Hawkeye opponents have returned just 12 punts over six games, for a mere 2.9-yard average.
Fans were chanting “MVP!” at Taylor Saturday. Punting is winning? If you do it well and have high-level coverage, oh yeah.
Caleb Shudak was 3-for-3 in field goals Saturday, hitting from 34, 48 and 36 yards. Iowa needed every point.
Shudak never started before this season. He is 11 of 12 in field goals, and his missed 50-yarder at Iowa State was caused by Iowa’s only poor snap of the season. Of his 37 kickoffs, 22 have been touchbacks.
Charlie Jones didn’t get much of a chance to do much punt returning Saturday because Penn State punter Jordan Stout did a tremendous job himself. But Jones is averaging 10 yards per return, and you’d take that every week, every year.
What a half-season of accomplishments. The decision to make LeVar Woods Iowa’s special teams coordinator in 2017 is among Kirk Ferentz’s best in his 23 years as head coach. Woods has the right players in the right places doing the right things.
Special teams, Ferentz said Saturday, is “one thing I felt good about in August.

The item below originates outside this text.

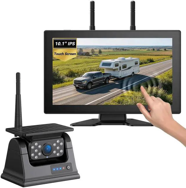 Tip: It is not suitable for metals such as fiberglass or aluminum that cannot be magnetically attracted. ^^ True 15000mAh Long Battery LifeThe portable wireless back up camera has a built-in true 15000mAh rechargeable battery, provides up to 28 hours of use per full charge. And also comes with a 5W solar panel and a 5V/3A Type-C charger, both of which provide the backup camera wireless with longer battery life when the battery is low or the sun is low. ^^ 10.1"T ouch ScreenTruck backup cameras with high resolution can provide super clear and real color image. 10 inch large screen offers a bigger view, making it easier to see obstacles, pedestrians, or other vehicles behind you. Touch screen helps you to set up the monitor and playback recorded videos more easily. ^^ Upgraded Wireless Backup CameraThe back up camera systems for truck built-in more powerful digital signal receiver and frequency hopping technology, greatly reducing the possibilities of frame drop and signal delay. The signal transmission distance of the magnetic wireless backup camera is up to 36ft. ^^ Low-power Solar Backup CameraThe upgraded magnetic backup camera now syncs automatically with the monitor.

There are a lot of things I didn't. But … we were veteran at those positions, those critical positions.”
Shudak is a sixth-year senior. He entered the NCAA’s transfer portal in November 2019, but pulled his toe back out of those waters. Now he’s using it to help win games.
"I know I said publicly we all felt like Shudak is a starter,“ Ferentz said. ”He and Keith (Duncan) were just so close. And he's 28 years old. He's teaching in the engineering school — I'm joking. He's still getting a master's. He may be teaching here eventually. So we all knew what he was.“
Shudak will be 24 next month. Taylor is a 24-year-old sophomore. You know what they are? They’re special.